Pelaku bisa dijerat dengan beberapa UU secara berlapis, yakni Undang Undang tentang Perlindungan Konsumen, Undang Undang tentang Perindustrian, Undang Undang tentang Perdagangan, UU tentang Peternakan dan Kesehatan Hewan, UU Pangan, UU Karantina, KUHPidana dan Kepmenag RI Nomor 518 tahun 2001 tentang pedoman Tata cara pemeriksaan dan penetapan Pangan Halal. Pelaku tersebut harus mendapat hukuman yang setimpal agar ada efek jera. Hukuman ini juga sebagai efek jera kepada pedagang lain yang memiliki niat tak baik terhadap konsumen. Di sisi lain, pengawasan yang dilakukan pemerintah terbilang lemah. Sebab, sudah beberapa kali ada temuan kasus penjualan daging sapi yang dioplos dengan daging celeng. Fungsi pengawasan yang dimiliki pemerintah belum dijalankan secara optimal, kalaupun dijalankan, belum kontinyu dan konsisten.
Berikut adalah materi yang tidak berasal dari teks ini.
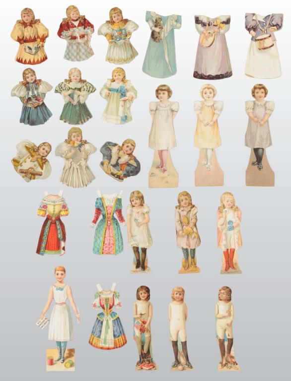 Description ND. The lot includes dolls from Brook's Spool Cotton, Blackwell Durham Tobacco, KC Baking Powder, Kabo Corsets, Gross Dry Goods, Dot Coffee, Friends Oats, Lettuce Cream Shop, etc. This lot is graded fair to fine.
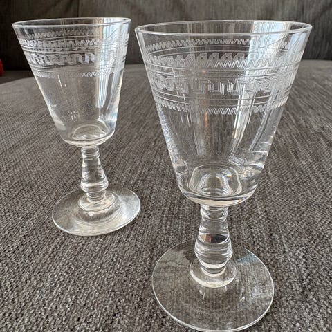 Hele og veldig fine. De er 15 cm i høyden og 6,5 i diam oppe
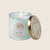 Up to 40 hours of burn time; White wax; 6 oz; textured glass with printed metal lid; 3” D x 3.25” H; Not tested on animals
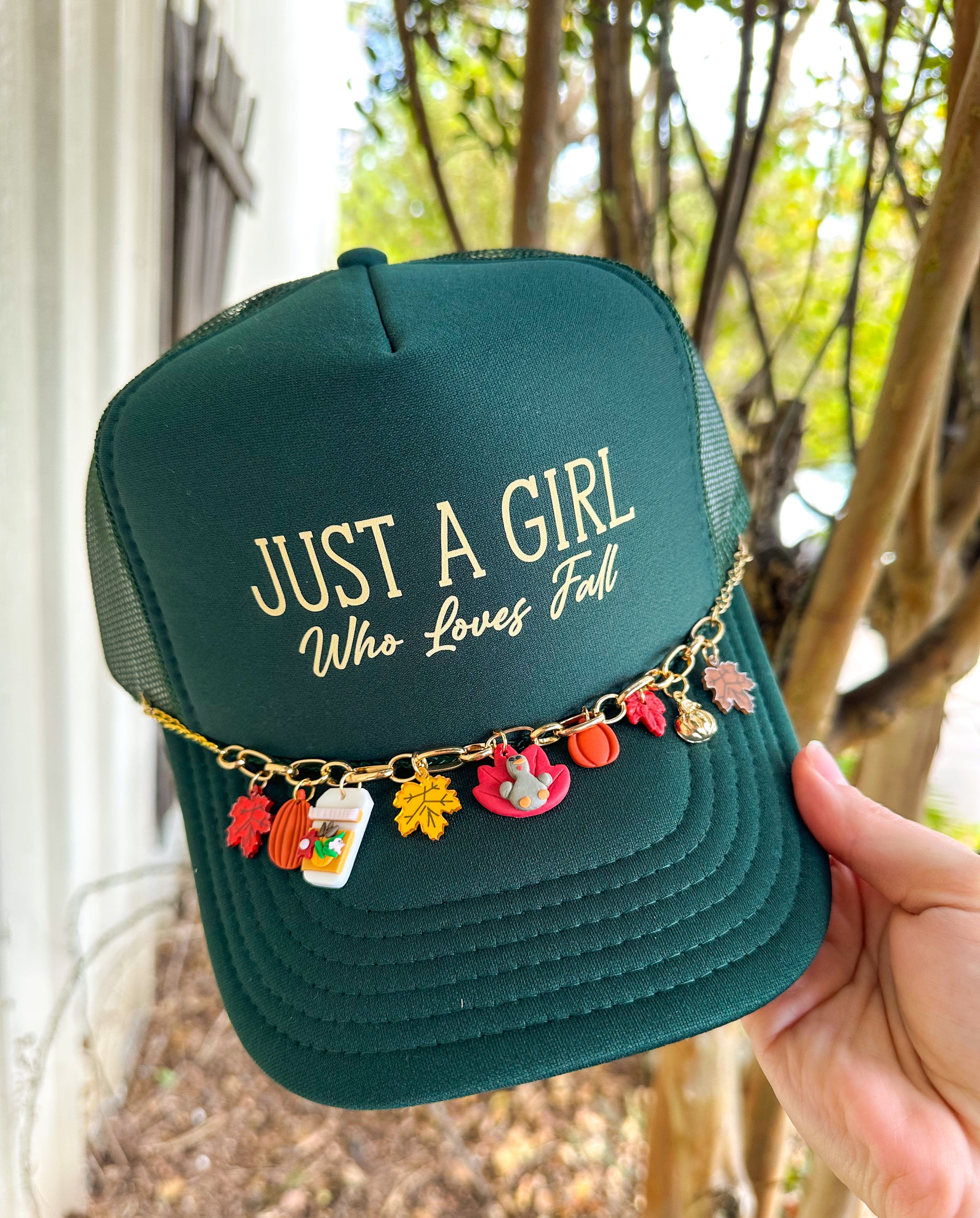 Just A Girl Who Loves Fall With Charm Chain Dark Green Trucker

Celeng yang biasa diburu di Sumatera karena menjadi hama kebun sawit, harus diwaspadai peredarannya. Daging babi hutan ini bisa mengandung banyak penyakit, seperti cacing pita. Daging babi bukan komoditas larangan tapi harus penuhi persyaratan tertentu, seperti adanya Surat Keterangan Kesehatan Hewan (SKKH). Serat dagingnya sangat mirip dengan daging sapi, jadi ketika sudah dioplos, sangat susah mengidentifikasi. Harga daging celeng ini juga lebih murah atau setengah dari daging sapi.
Lebaran mempunyai peran besar dalam perekonomian di Indonesia. Dalam periode lebaran, konsumsi nasional meningkat secara signifikan. Dampak ekonomi lebaran ini juga bakal dirasakan pemerintah daerah melalui kenaikan PAD. Bagi sebagian besar umat muslim Indonesia hal ini diharamkan dan peredarannya meresahkan psikologis masyarakat. Maraknya penyelundupan daging celeng, terutama dari Sumatera ke Jawa harus menjadi perhatian serius pemerintah karena merugikan kaum muslim, baik secara materiil maupun kerugian immateril/keimanan yang kaitannya dengan soal adzab. (*)
*) DR. Firman Turmantara Endipradja, S.H.,S.Sos.,M.Hum./ Dosen Hukum Perlindungan Konsumen Pascasarjana Univ. Pasundan dan Pascasarjana Univ. Katolik Parahyangan/Wakil Ketua Komisi Komunikasi dan Edukasi BPKN RI.